# WORK INSTRUCTIONS
With the line containing "This is a pair" as the start and the line containing "La anécdota: una" as the end, transcribe that span of the entries below exactly, including both.

# PROVIDED ENTRIES
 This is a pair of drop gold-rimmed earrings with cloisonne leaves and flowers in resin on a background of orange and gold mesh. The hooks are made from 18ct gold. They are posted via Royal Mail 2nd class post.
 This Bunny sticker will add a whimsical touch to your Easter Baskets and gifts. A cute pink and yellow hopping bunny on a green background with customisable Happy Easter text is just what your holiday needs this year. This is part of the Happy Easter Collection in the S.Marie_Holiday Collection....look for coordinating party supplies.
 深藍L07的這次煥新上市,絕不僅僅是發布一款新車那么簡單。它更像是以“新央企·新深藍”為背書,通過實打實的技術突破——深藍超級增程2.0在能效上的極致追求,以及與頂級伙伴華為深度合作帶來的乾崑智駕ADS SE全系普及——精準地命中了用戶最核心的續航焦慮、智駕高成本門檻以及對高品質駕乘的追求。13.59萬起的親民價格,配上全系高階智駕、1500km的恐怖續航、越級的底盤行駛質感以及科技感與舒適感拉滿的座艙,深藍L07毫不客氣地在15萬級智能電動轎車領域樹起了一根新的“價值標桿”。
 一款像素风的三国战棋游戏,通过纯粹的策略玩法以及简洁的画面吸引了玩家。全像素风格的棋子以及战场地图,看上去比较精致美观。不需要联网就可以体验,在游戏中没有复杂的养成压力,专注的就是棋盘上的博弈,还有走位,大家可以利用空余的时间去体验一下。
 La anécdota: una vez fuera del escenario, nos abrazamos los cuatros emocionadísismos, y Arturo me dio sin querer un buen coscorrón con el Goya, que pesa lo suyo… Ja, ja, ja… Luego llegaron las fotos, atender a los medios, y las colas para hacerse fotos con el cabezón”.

* * *

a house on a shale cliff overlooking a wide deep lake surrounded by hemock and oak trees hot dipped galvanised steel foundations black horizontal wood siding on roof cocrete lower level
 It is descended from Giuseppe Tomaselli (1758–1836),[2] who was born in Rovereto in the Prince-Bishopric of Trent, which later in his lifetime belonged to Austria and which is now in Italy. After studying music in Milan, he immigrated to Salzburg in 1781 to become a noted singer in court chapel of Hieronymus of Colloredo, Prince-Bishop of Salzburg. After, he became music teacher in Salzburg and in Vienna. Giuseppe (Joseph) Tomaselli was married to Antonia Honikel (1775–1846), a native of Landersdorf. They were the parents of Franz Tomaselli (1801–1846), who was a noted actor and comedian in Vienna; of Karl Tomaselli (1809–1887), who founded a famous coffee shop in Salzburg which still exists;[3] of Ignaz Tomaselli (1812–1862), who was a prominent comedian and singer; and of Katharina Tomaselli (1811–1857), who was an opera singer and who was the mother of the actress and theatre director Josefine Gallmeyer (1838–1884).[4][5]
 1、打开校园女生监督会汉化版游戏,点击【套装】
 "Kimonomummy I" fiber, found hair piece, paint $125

==

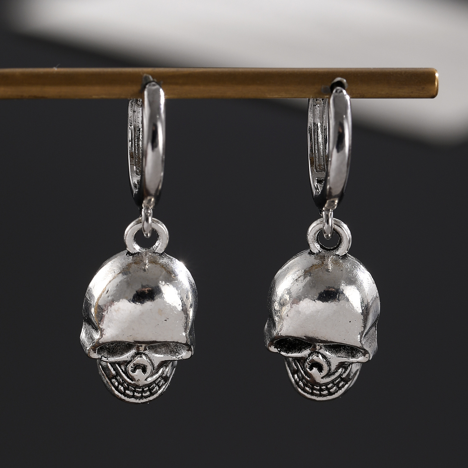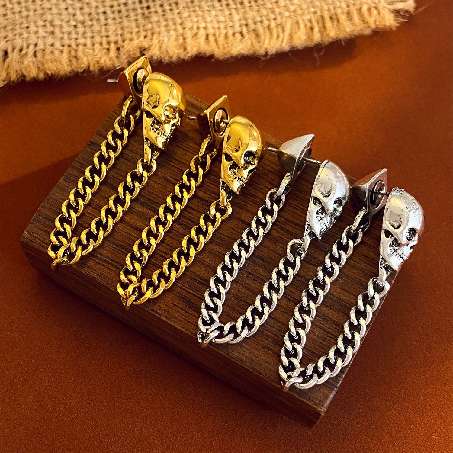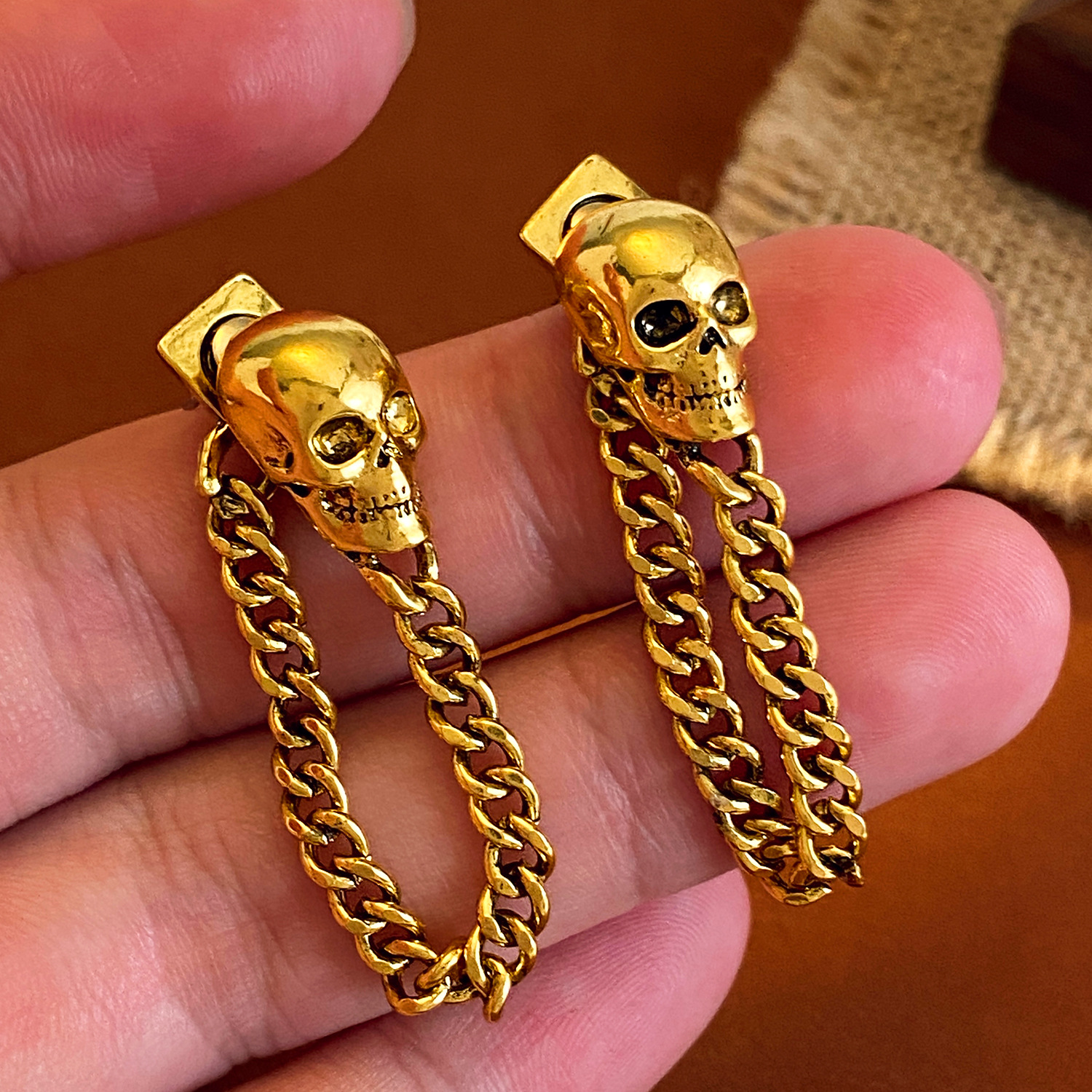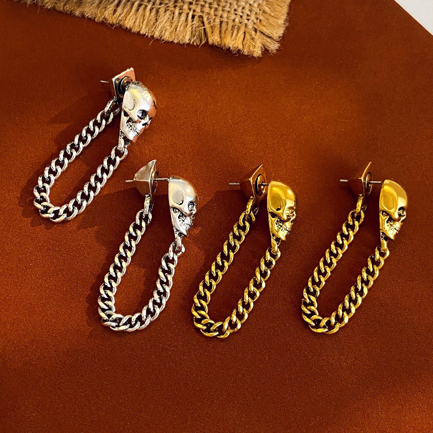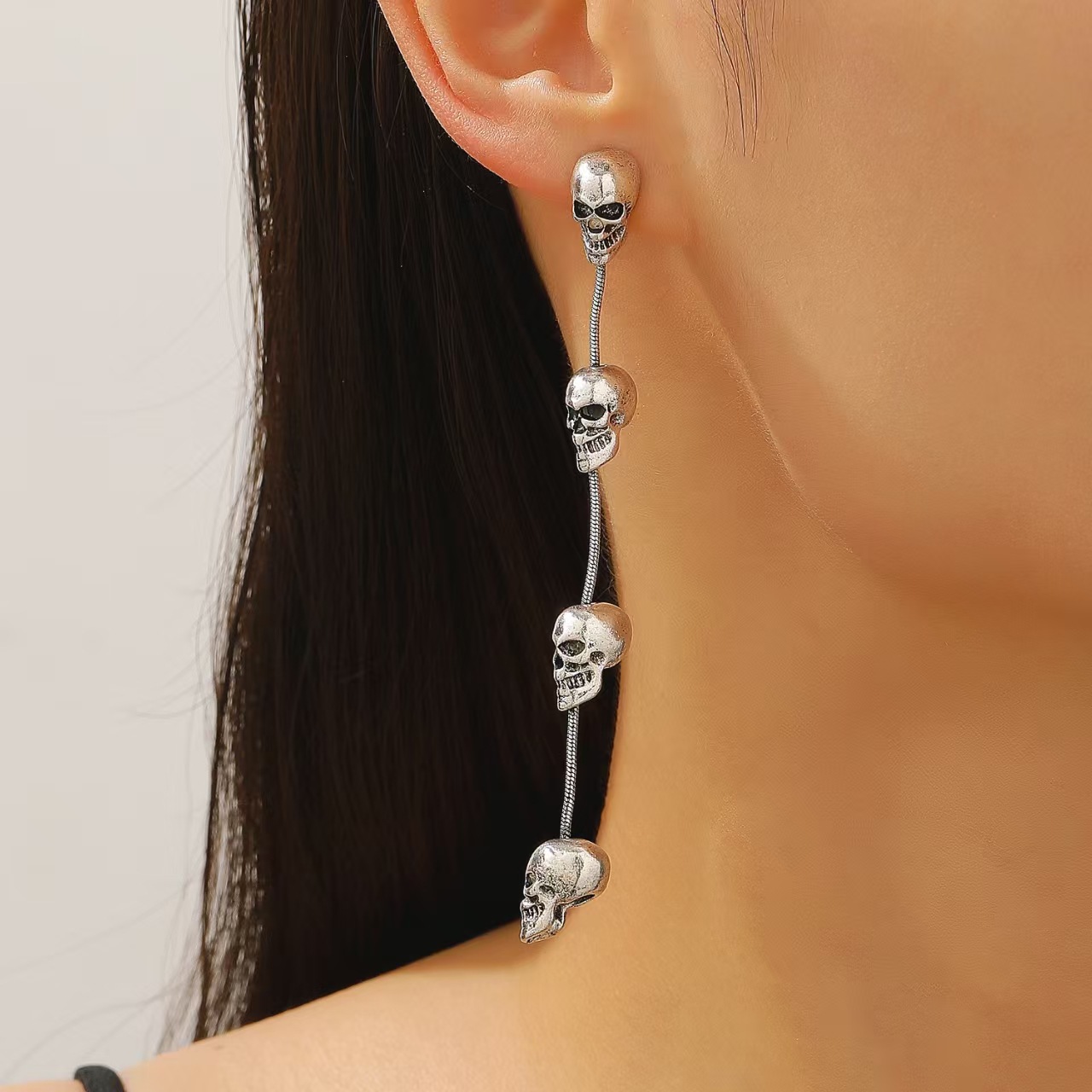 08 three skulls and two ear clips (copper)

# REPLY TO THE EXERCISE
 This is a pair of drop gold-rimmed earrings with cloisonne leaves and flowers in resin on a background of orange and gold mesh. The hooks are made from 18ct gold. They are posted via Royal Mail 2nd class post.
 This Bunny sticker will add a whimsical touch to your Easter Baskets and gifts. A cute pink and yellow hopping bunny on a green background with customisable Happy Easter text is just what your holiday needs this year. This is part of the Happy Easter Collection in the S.Marie_Holiday Collection....look for coordinating party supplies.
 深藍L07的這次煥新上市,絕不僅僅是發布一款新車那么簡單。它更像是以“新央企·新深藍”為背書,通過實打實的技術突破——深藍超級增程2.0在能效上的極致追求,以及與頂級伙伴華為深度合作帶來的乾崑智駕ADS SE全系普及——精準地命中了用戶最核心的續航焦慮、智駕高成本門檻以及對高品質駕乘的追求。13.59萬起的親民價格,配上全系高階智駕、1500km的恐怖續航、越級的底盤行駛質感以及科技感與舒適感拉滿的座艙,深藍L07毫不客氣地在15萬級智能電動轎車領域樹起了一根新的“價值標桿”。
 一款像素风的三国战棋游戏,通过纯粹的策略玩法以及简洁的画面吸引了玩家。全像素风格的棋子以及战场地图,看上去比较精致美观。不需要联网就可以体验,在游戏中没有复杂的养成压力,专注的就是棋盘上的博弈,还有走位,大家可以利用空余的时间去体验一下。
 La anécdota: una vez fuera del escenario, nos abrazamos los cuatros emocionadísismos, y Arturo me dio sin querer un buen coscorrón con el Goya, que pesa lo suyo… Ja, ja, ja… Luego llegaron las fotos, atender a los medios, y las colas para hacerse fotos con el cabezón”.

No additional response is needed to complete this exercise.